From the first line of the entries down to the line with "Um adorável ornamento", write out every line exactly; that last line counts, but pictures do not.
*** Opening SOURCE DATA ***
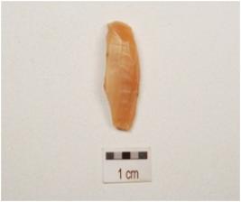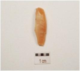 | Description / विवरण | Core made on chalcedony with three blade scars on surface, prepared platform and raw material given heat treatment. |
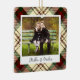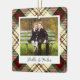 Um adorável ornamento fotográfico de dupla face exibindo uma foto favorita em cada lado, em um fundo festivo vermelho e xadrez verde. Personalize com uma legenda personalizada na frente em letra manuscrita e adicione o ano no verso.
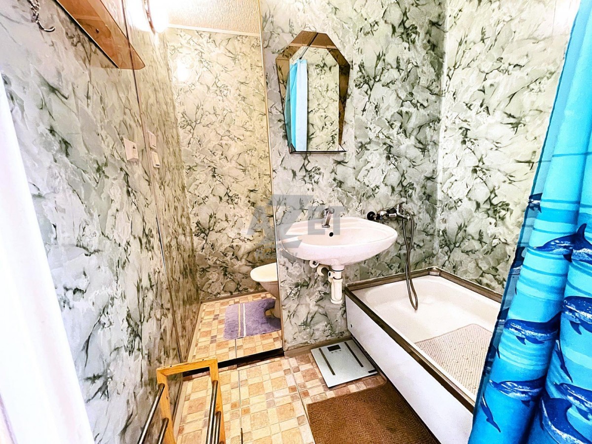Podlahy v pokoji tvoří PVC kryté kobercem, v předsíni a v sanitě PVC. V koupelně a na sociální zařízení WC jsou stěny opatřeny omyvatelnou tapetou, ke koupání či sprchování slouží plytká zapuštěná vana se zástěnou, dále je koupelna opatřena umývadlem se zrcadlem. V kuchyni starší plechová kuch. linka v bílém provedení, el. sporákem s el. troubou. Nedílnou součástí prodeje je sklepní kóje (cca 2 m2) společně s možností využití společných prostor. Orientace oken je na jihovýchod.
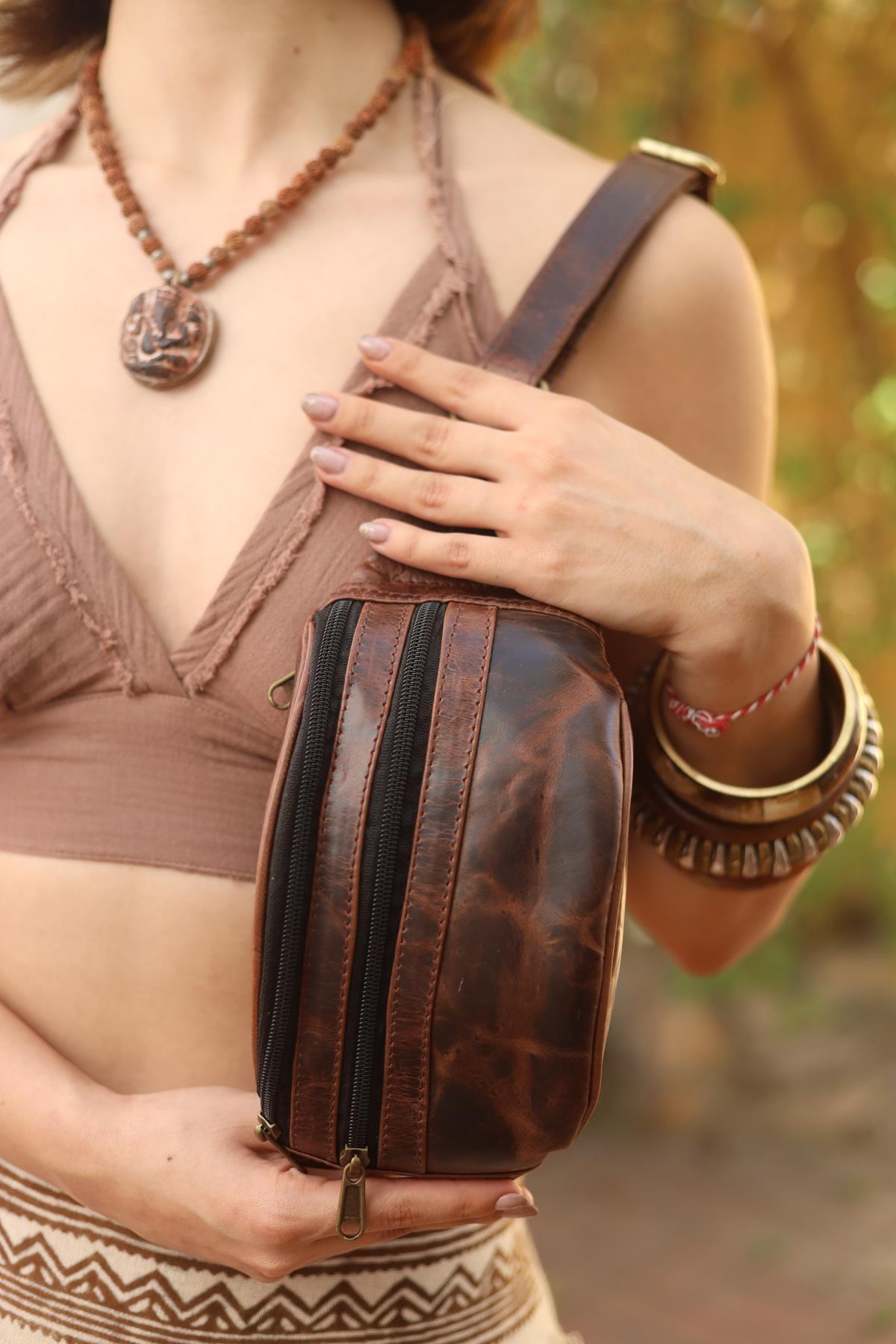 Tan Three Compartment Strappy Leather Bag (ACNT-AS-036-DE-TAB-STD)
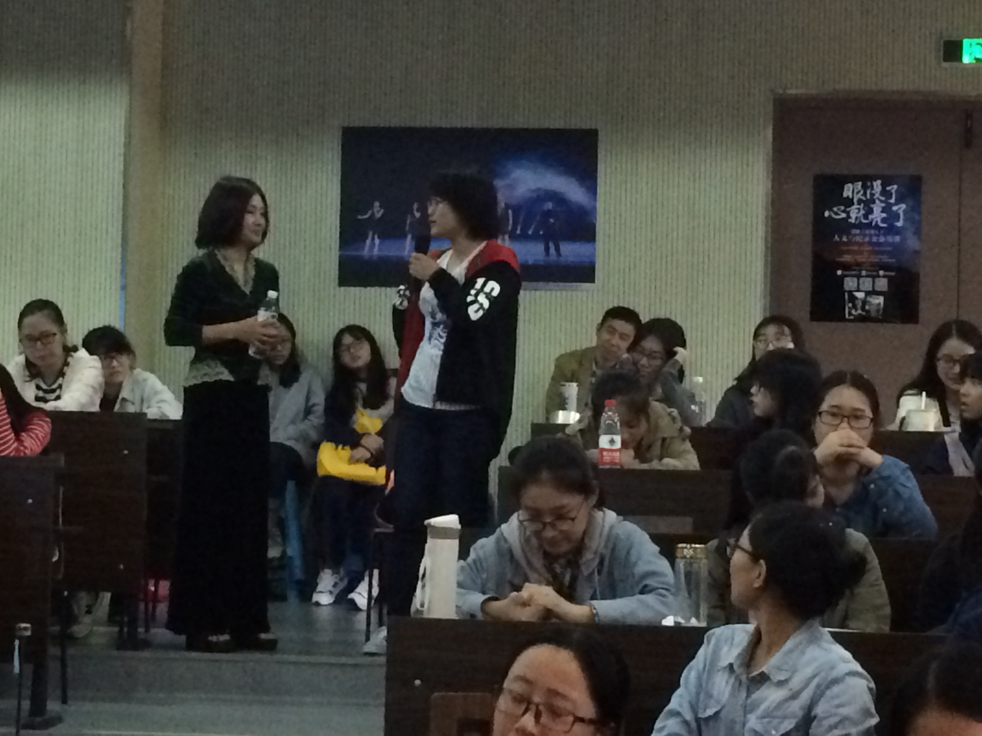 此后,亚妮老师将话题过渡到亲情在生命中的分量,向大家讲述了没眼人肉三(声译)和兄弟们走山卖唱供外甥读书的故事,让观众体会到了最明媚的心灵和最纯粹的亲情。除此之外,她还讲述了发生在没眼人中的爱情故事以及为写成苗族史诗倾尽毕生心血的伟人王安江的故事。这些故事不仅带来感动,也发人深思,同时值得每一个人细细咀嚼,久久回味。演讲进入尾声时,亚妮老师为大家播放了《没眼人》的宣传片并与全场观众进一步交流,真诚恳切地为每位提问的同学答疑。讲座后,不少现场观众因动人的故事而潸然泪下。
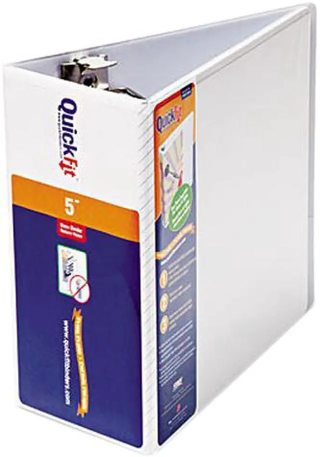 Unique overlay design allows you to use a single sheet of paper to create a custom one-piece presentation insert that wraps around the spine to the front cover for easy insertion and quick identification. Inserts can be printed using an 8 1/2" x 11" capacity printer. Visit www. quickfitbinders. com to design your insert. Ink transfer resistant overlay on spine, front cover and inside pockets. 2 clear interior pockets to easily identify contents. Back mounted rings allow pages to lie flat. Locking Angle D-Ring PVC-free material won't stick to cover inserts, photographs or papers stored inside.
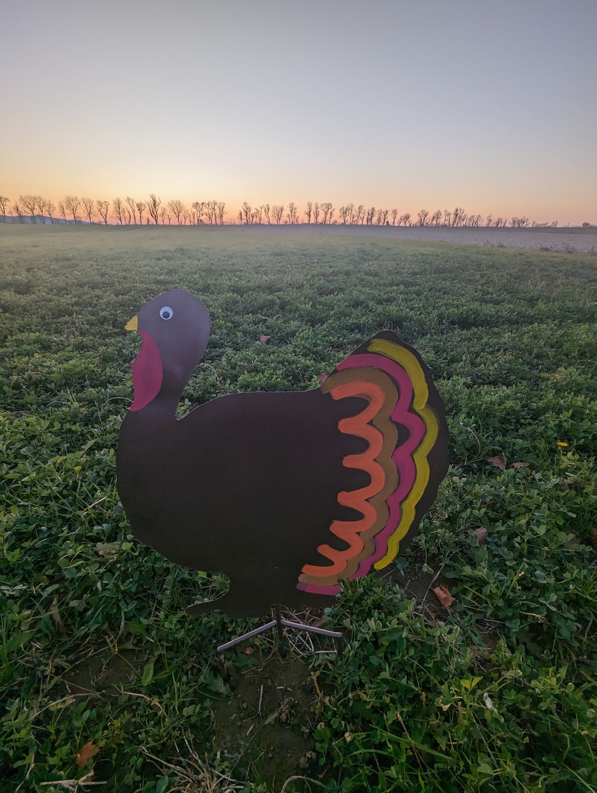 Im ground turkey decor around 2 and a half feet tall This in-ground turkey stands tall at around 2 and a half feet with 4 inch stakes for easy installation. Perfect for adding a festive touch to your outdoor decor. Made with durable materials to withstand any weather.
*** Closing SOURCE DATA ***
* WRITTEN ANSWER:
 | Description / विवरण | Core made on chalcedony with three blade scars on surface, prepared platform and raw material given heat treatment. |
 Um adorável ornamento fotográfico de dupla face exibindo uma foto favorita em cada lado, em um fundo festivo vermelho e xadrez verde. Personalize com uma legenda personalizada na frente em letra manuscrita e adicione o ano no verso.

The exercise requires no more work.